What It Was Like Inside the First Tony Awards Ceremony in 1947 | Playbill

Tony Awards What It Was Like Inside the First Tony Awards Ceremony in 1947 The midnight gala presentation was a very different affair than the awards we know today.
An original 1947 Tony Award. Anita and Steve Shevett

At 9 PM on Easter Sunday, April 6, 1947, some 1,200 members of the theatre community gathered in the Grand Ballroom of the Waldorf–Astoria to attend the first Antoinette Perry Awards ceremony.

The awards were named in honor of late actor/director Antoinette “Toni” Perry, a champion of the American theatre who served as a Chairman of the Board and Secretary of the American Theatre Wing through World War II. Perry died in June 1946—the theatre community paid tribute to the actor, producer, director, and co-founder of the Wing by naming an awards ceremony after her.

According to Perry’s eldest daughter, Margaret, the honor was originally to be called the Toni Award; however, a popular ad campaign at the time was also using the name Toni, and so the decision was made to change the spelling to Tony Award.

Tickets to the first Tony Awards were $7.50. The ballroom was decorated as an homage to the Wing's Stage Door Canteen. The menu featured lobster bisque, salted nuts, breast of chicken Montmorency in black cherry sauce, croquettes of brown rice, asparagus tips Polonaise, and frozen soufflé with strawberries. Entertainment was provided by the casts of such shows as Brigadoon, Call Me Mister, Carousel, Finian's Rainbow, and Oklahoma! At the stroke of midnight, over the Mutual Radio Network, 11 awards were presented. The first two years, there was no official Tony Award. The winners were presented with a scroll, as well as engraved 14-karat gold money clips or cigarette lighters for the men, and initialed articles of jewelry for the women, including initialed compacts and bracelets.

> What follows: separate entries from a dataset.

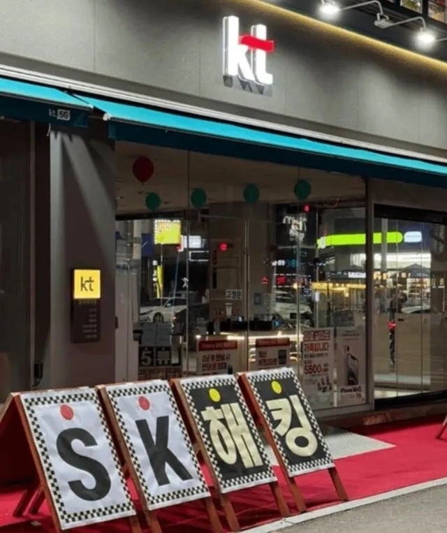 일부 KT 대리점에서 'SK 해킹'이라는 문구를 내건 사진이 온라인에서 주목받고 있다. SK 고객의 자사 유치를 위해 일부 대리점들이 무료 유심 교체 등을 내세워 공격적인 자체 마케팅에 나서는 모습이다. 사진=온라인 커뮤니티 캡처
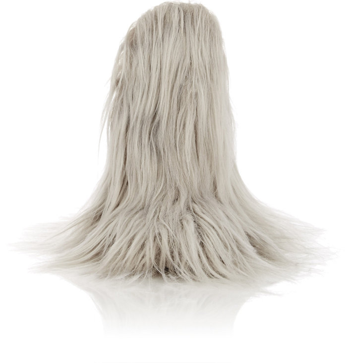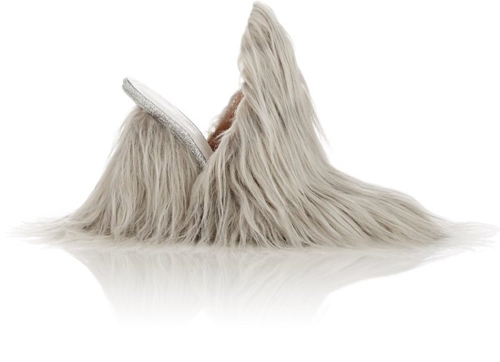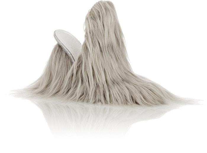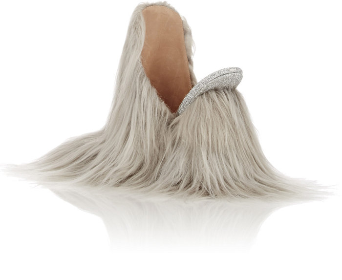 The light grey faux-Mongolian fur and silver glitter mules have a 3.75″ heel and an asymmetric square toe.
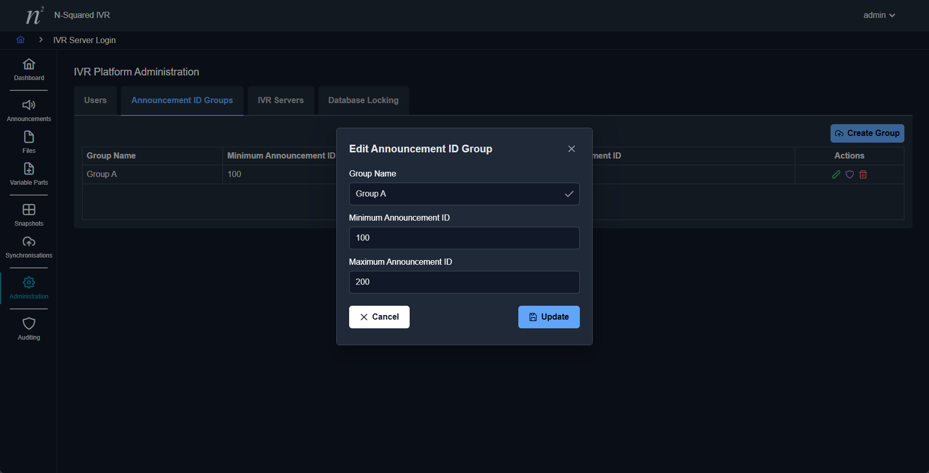 The IVR GUI provides a group restriction mechanism that allows administrators to control access to announcement ID ranges. This mechanism allows a user to be given access to a subset of announcements (e.g. announcements related to a wholesale customer) while restricting access to announcements used for voice services (e.g. system error messages).
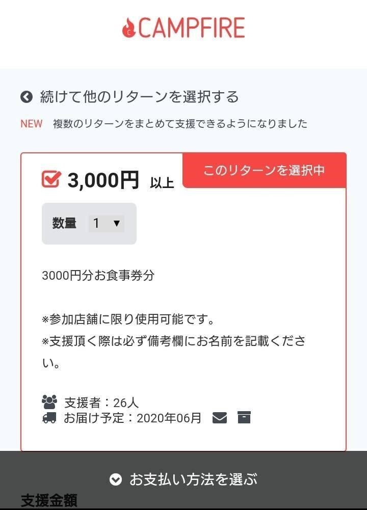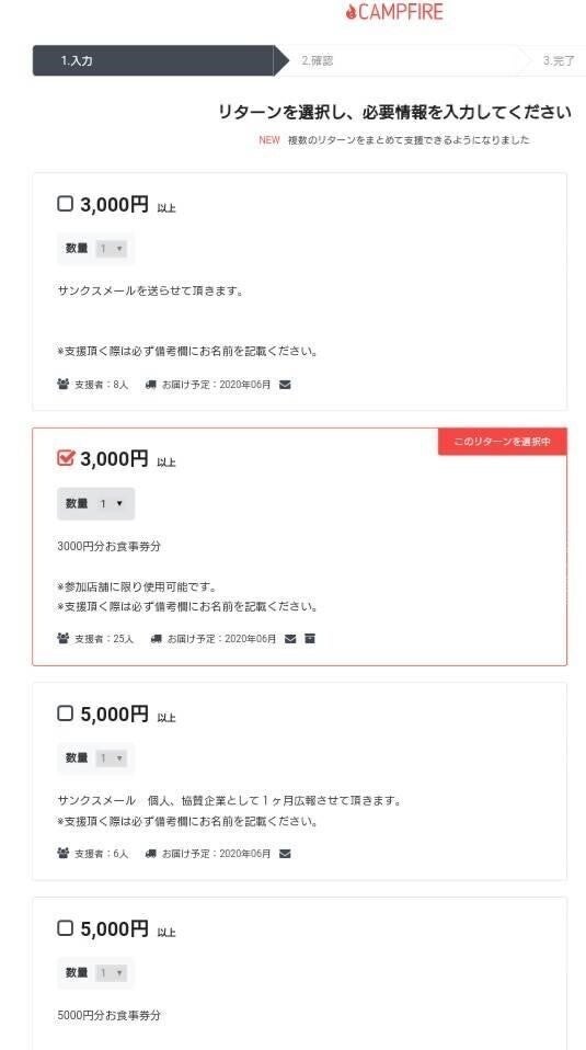 支援する金額に伴い、プランが変わってきます。支援したい金額を考え、その支援したいものの個数を選択してください。(複数のリターンをまとめてご支援することもできます。)

The first year of the Tony Awards, the nominees, selected by a special committee of theatrical luminaries, were not announced in advance. At the ceremony, only the winners were made known to the public, and they were not cited for the “Best” achievement in any category, but rather for their “Outstanding Contribution” to the theatrical season.

Theatre professionals weren’t the only individuals honored. Prizes were also given to loyal attendees of first nights. There was even a special award honoring the long service of a particular stage doorman. Among the 1947 honorees were performers Ingrid Bergman, Helen Hayes, José Ferrer, Patricia Neal, Fredric March, and David Wayne; as well as Agnes DeMille and Michael Kidd for Dance Direction, Kurt Weill for Score (Street Scene), Arthur Miller as Outstanding Playwright (All My Sons), and Elia Kazan for Outstanding Direction (of the Miller play).

This article has been edited and updated from pieces by Louis Botto in the 1991 Tony Awards Playbill as well as Ellis Nassour in the 2011 Tony Awards Playbill.